ちょうど自身のスポーツスター XL1200R(2008年式)で試乗ディーラーまで行っていたことから 比較のような試乗ができたのですが、空冷のエボリューションエンジン(排気量1,202cc)と比べると、スロットルレスポンスと走り出しの速さは「さすが水冷」と言わしめるほどシャープなもの。車重も221kgと、平均260kgと言われたラバーマウント・スポーツスターより40kg近く軽量化されており、スムーズなギアチェンジとともに軽やかに加速していってくれます。BMW R nineTやトライアンフ・ボンネビルといった競合となる水冷ツインモデルと遜色ないパフォーマンスを味わえること間違いなしです。
「ライダーセーフティエンハンスメント」と名付けられたハーレー独自のトラクションコントロールシステムがよりしっかりかかる「レインモード」での走行は、どちらかと言うとナイトスター本来の性能にほんの少し重ったるさを感じさせる仕様で、好天に恵まれた際は「ロードモード」もしくは「スポーツモード」で その能力をしっかり解放しながら走ってあげて欲しいと思います。
スポーツスターS試乗時、そのあまりに凶暴な走りに驚かされた「スポーツモード」も、排気量との相性かニュートラルなスポーツバイクとして楽しめるキャラクターになっていました。リッターオーバーのハイパワーマシンの性能をめいっぱい引き出して操ろうと思うと、それ相応のライディングスキルが必要になります。ゆえに「このバイクの性能を引き出しきれるライダーは日本でもそう多くないはず」と スポーツスターS試乗時に感じたのですが、スポーツモードに入ったナイトスターであれば、”必要にして十分”な性能でワインディング走行を楽しめるでしょう。

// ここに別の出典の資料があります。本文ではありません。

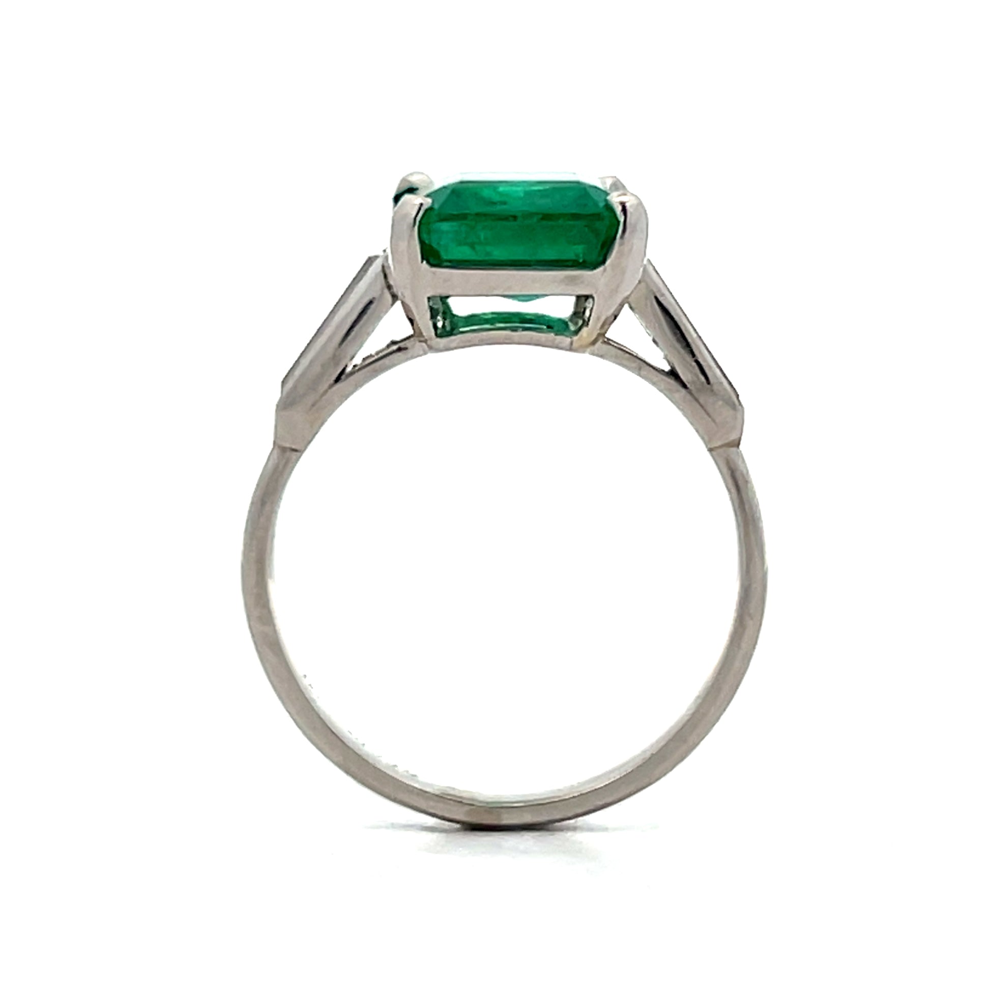 This modern 3.61 Carat Emerald & Diamond Cocktail Ring is crafted in shimmering platinum. Features a stunning 3.61 carat sea green emerald. Two (2) .35 carat baguette cut diamonds flank the center stone for dimensional sparkle at the shoulders of the band. Finished on a chic and durable platinum band. The emerald has an ethereal glow, which is hard to convey with pictures and video. A wonderful ring you will cherish forever.

またまたの比較で恐縮ですが、スポーツスターSと比べて好印象だったのが旋回性の高さ。フロント160mm幅タイヤとフォワードコントロールステップがバイクの旋回性を損なわせてしまう点がスポーツスターSの難点なのですが、パワーが抑えられている側面があるとはいえ、100mm幅の細みタイヤにミッドコントロールステップという組み合わせだけで こうもライディングパフォーマンスが向上するものなのか、と感心させられましたナイトスター。
特にリア側ですが、ブレーキングの甘さが少し気になったところ。個体差なのかもしれませんが、ナイトスターオーナーは前後ブレーキをバランスよく使いながらコントロールするよう心掛けられると良いかと思います。
まとめ
人気モデルであったフォーティーエイトをフォーカスしたスポーツスターSに対して、新型の水冷エンジンでありながら往年のスポーツスターをモディファイしたシルエットで姿を現したナイトスター。特にリアエンドのツインショックとフレームの組み合わせなど、クルーザーとしての側面を持ち合わせていたラバーマウント・スポーツスターの良いところを備えていることから、スポーツクルーザーとして正常進化したマシンだという印象を強く受けました。ツーリング向きかスポーツライド向きか、どちらにも振り切れるし どちらに振っても楽しませてくれる懐の深さがあるナイトスター。オールドファンであっても、これに乗れば新しいハーレーダビッドソンに対する印象が変わるはず———ぜひ一度実車に触れてみてほしいと思います。